WHETHER they cried to God before they went into the battle we are not told; but probably they did, because we read that the war was of God, and it is hardly likely that they would have prayed to Him in the midst of the fight, when the foemen's blows fell like hail on their armour, if they had not prayed before they entered the bloody fray. Men often excuse themselves for neglecting their morning devotions by saying that they will surely look to God, as they may require his gracious help, in the midst of the day's temptations and needs; but, as a matter of fact, when once they are plunged into its war they forget to look up. You must direct your prayer in the morning, and look up whilst the early shadows lie long on the dewy grass, if you would keep looking off to Jesus, amid the din of the fight.
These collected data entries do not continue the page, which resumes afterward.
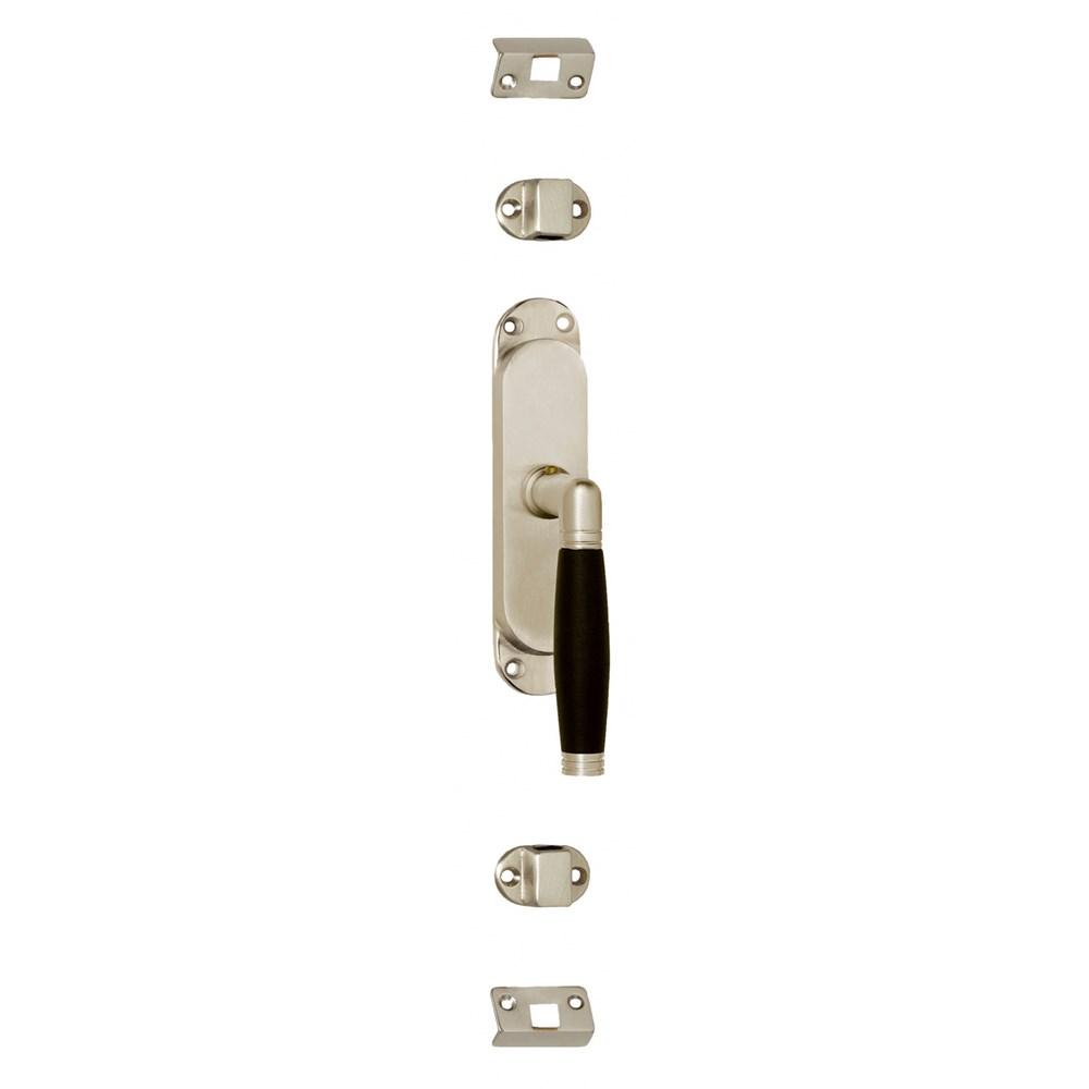 De Intersteel Kruk-espagnolet rechts Ton 222 nikkel mat/ebbenhout is een stijlvolle en functionele toevoeging voor je ramen, ideaal voor het beveiligen met een meerpuntssluiting. Deze espagnolet maakt het mogelijk om met één enkele handeling je raam aan zowel de boven- als onderzijde te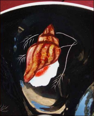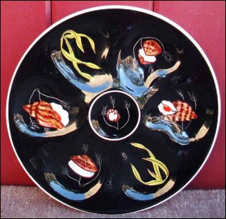 Rare 6 shell compartments and one central shaped oyster plate in french majolica made by the famous Guy Trevoux artit in the Henriot Quimper factory during the 1950's. The hand painted decor depicts shell and sea life on a black background. Perfect condition. 8"3/4 diameter. It's signed Henriot Quimper on the back.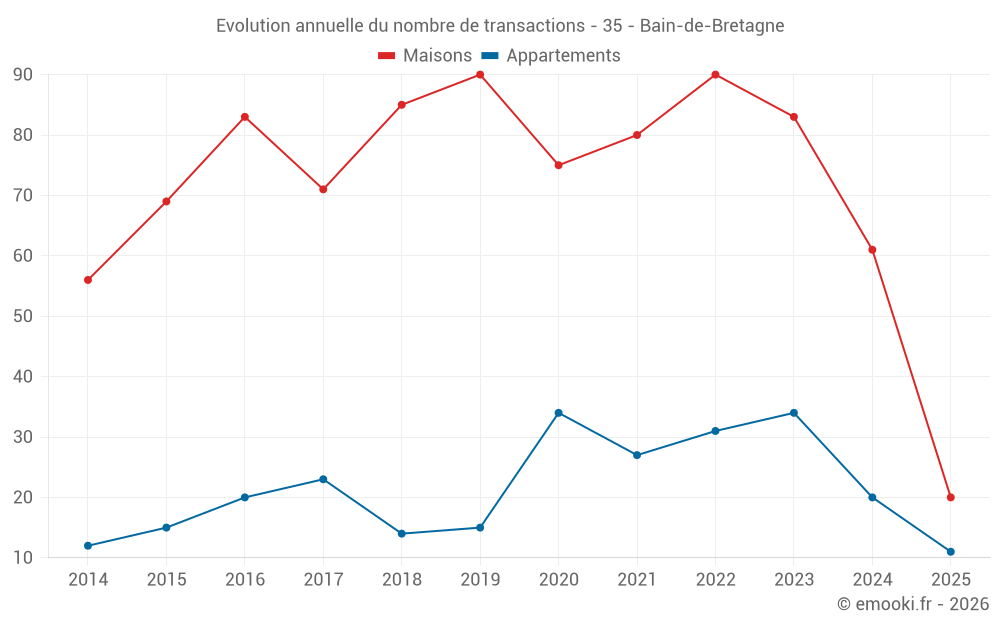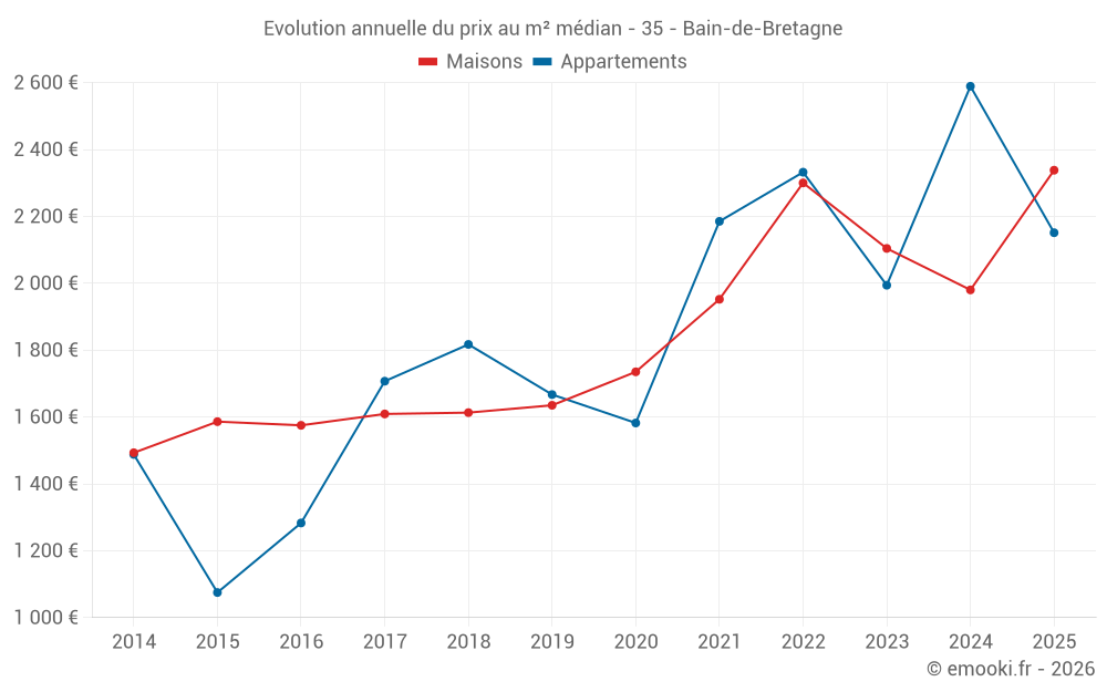 Le prix médian sur les 20 transactions de maisons des 6 derniers mois dans la commune de Bain-de-Bretagne était de 2 338 € par mètre carré pour une valeur foncière médiane de 202 500 €. Sur cette période 60% des transactions se sont situées entre 1 733 et 2 745 € par mètre carré (du 2ème au 8ème déciles).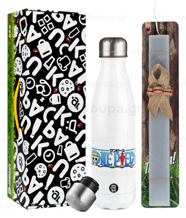 Onepiece logo, Πασχαλινή Λαμπάδα με μεταλλικό παγούρι θερμός λευκός (500ml) & λαμπάδα αρωματική πλακέ (30cm) (ΓΚΡΙ)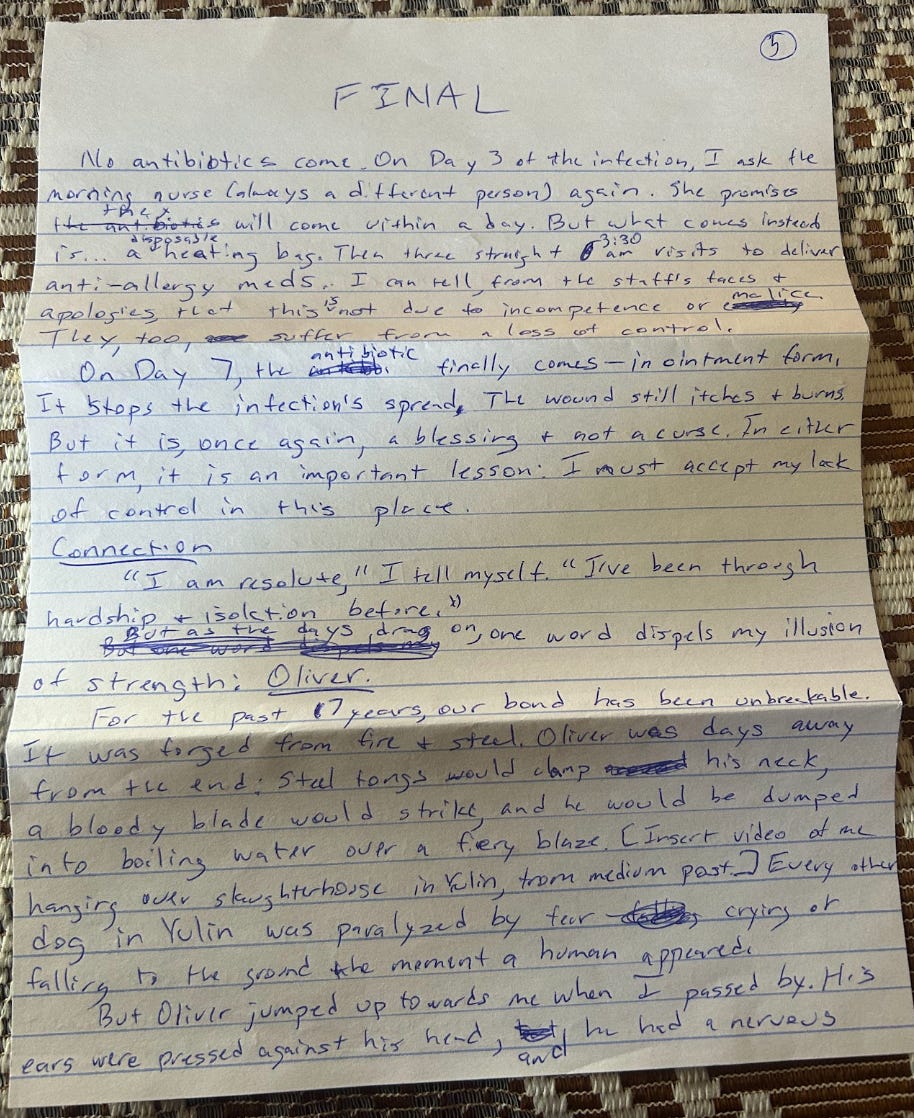 No antibiotics come. On day three of the infection, I ask the morning nurse (always a different person) again. She promises they will come within a day. But what comes instead is… a disposable heating bag. Then three straight 3:30am visits to deliver anti-allergy meds. I can tell from the staff’s faces and apologies that this is not due to incompetence or malice. They, too, suffer from a loss of control.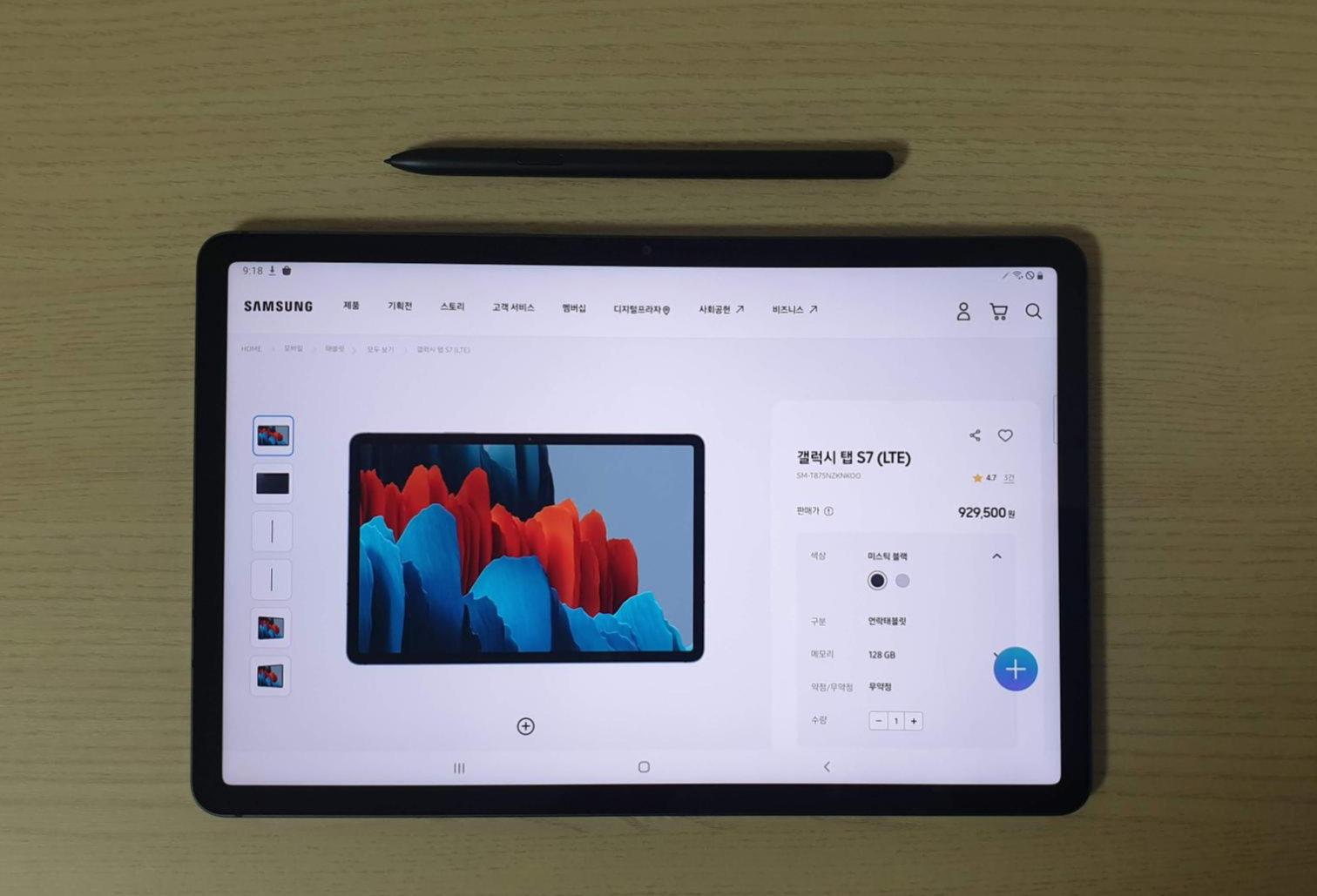 개인적으로 태플릿의 휴대성때문에 구입한 입장이어서 S7의 LTE 모델을 구매했습니다.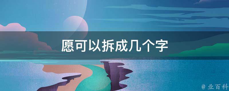 愿字可以拆成7个字,分别是:一、厂、白、日、小、心、原。愿是汉语通用规范一级汉字(常用字)。愿的本义指大头,常用义为希望、愿望。还表示乐意、想要,作动词用。又引申为心愿。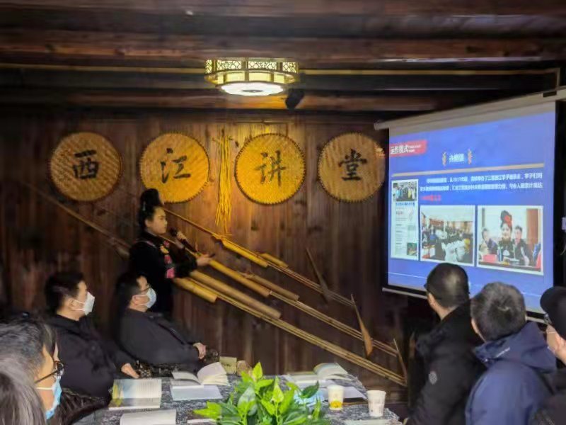 民族学与历史学学院教授、教育部新农科民族高校服务乡村振兴扎个平台建设项目负责人、西江苗寨景区文化顾问李天翼向与会人员简要地介绍了西江苗寨乡村旅游的发展情况。“文化是西江苗寨发展的灵魂和命脉,正是有了苗寨鲜活的文化和珍贵的非物质文化遗产,西江苗寨的文化旅游得以蓬勃发展,才破解了富饶的贫困。在这其中,乡村人力资源的开发起到了至关重要的作用,以西江旅游公司为例,短短十余年,公司就汇聚了几百名涉旅人才。”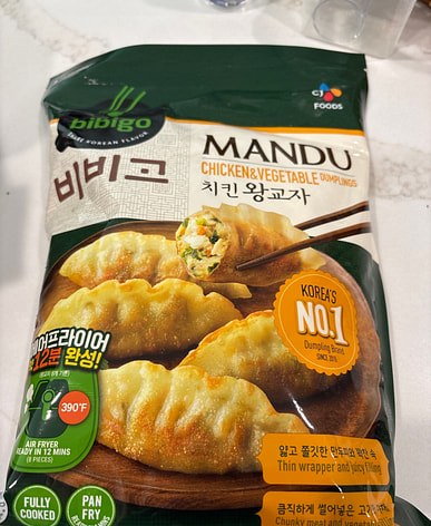 I always order Bibigo dumplings, and the kimchi is delicious too.

It is very lovely to contract and preserve this habit of looking upward, and crying to God in the battle. When our feet are slipping, when the foe seems about to overmaster, when heart and flesh fail — how refreshing and strengthening to fling one eager look or cry to heaven, and say, "I am thine, save me." There can be no doubt as to the issue. God is always intreated of those who put their trust in Him. Sooner might a mother forget her sucking child than God be unmindful of one sigh, or tear, or upward glancing look from his own. Oh, child of God, put thou thy trust in God, and go through this tempestuous world as one who is confident of a Divine Ally. At any moment He will ride on the heavens to thy help. "Let us therefore come boldly unto the throne of grace that we may obtain mercy, and find grace to help in time of need."